Белая Длань — страница 108 из 287

Конечно, можно задаться вопросом, как смел обычный септон, пусть и из совета Праведных, просматривать почту, предназначавшуюся их духовному владыке. Однако, всё становилось намного понятнее, если знать, что практически вся почта направляющая в Септу Бейлора так или иначе предназначалось напрямую главе церкви, особенно в последнее неспокойное время. Опасность отравления или того хуже заражения заразой первого наместника богов было существенной угрозой благополучия веры Семерых, а потому именно члены совета Праведных и их помощники, как правило, просматривали почту верховного священника, естественно, для его безопасности. Да и было её достаточно, чтобы ни одному человеку за всё жизнь с ней было не справиться. Впрочем, как и в каждом правиле есть исключение, такое существовало и в этом деле.

В частности, существовал некий реестр куда верховный священник записывал всех, с кем вёл личную переписку напрямую.

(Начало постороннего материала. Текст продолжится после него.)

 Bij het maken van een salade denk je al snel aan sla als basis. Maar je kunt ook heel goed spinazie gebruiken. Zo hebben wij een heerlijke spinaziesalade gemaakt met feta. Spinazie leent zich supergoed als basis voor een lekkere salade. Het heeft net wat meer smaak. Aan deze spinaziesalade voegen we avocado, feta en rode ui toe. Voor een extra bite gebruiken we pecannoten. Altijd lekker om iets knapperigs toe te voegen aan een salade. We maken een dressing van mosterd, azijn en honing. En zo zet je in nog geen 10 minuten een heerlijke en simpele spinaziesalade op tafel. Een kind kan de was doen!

Любой адресат, кто будет указан в этом списке, может отправить сообщение понтифику и будет уверен, что содержание данного письма останется секретом между ним и духовным владыкой. Данная традиция пошла ещё с первого верховного септона и исполнялась в соответствии с характерами людей, которые занимали эту должность с момента основания института верховных жрецов ещё в Староместе. Как правило понтифик лично общался исключительно с королями и лордами с сильной армией и влиянием, в остальном же придерживая нейтралитета и традиционализма. Однако, сейчас была совсем иная ситуация.

Текст письма был написан элегантным, но чётким почерком, а автором его был непосредственный лорд Простора и Ромашкового поля, Аллан Олдфлауэрс, чья кровь, согласно архивам, был связана напрямую с родом избранника, сообщения от которого верховный септон ждал так долго. В обычное время подобное сообщение никто в церкви и читать бы не стал, всё-таки пусть это был и глава дома, но это был глава дома, основанного бастардом, а церковь весьма скверно относится к самому факту их существования, даже если те когда-то и признали их в качестве благородного дома.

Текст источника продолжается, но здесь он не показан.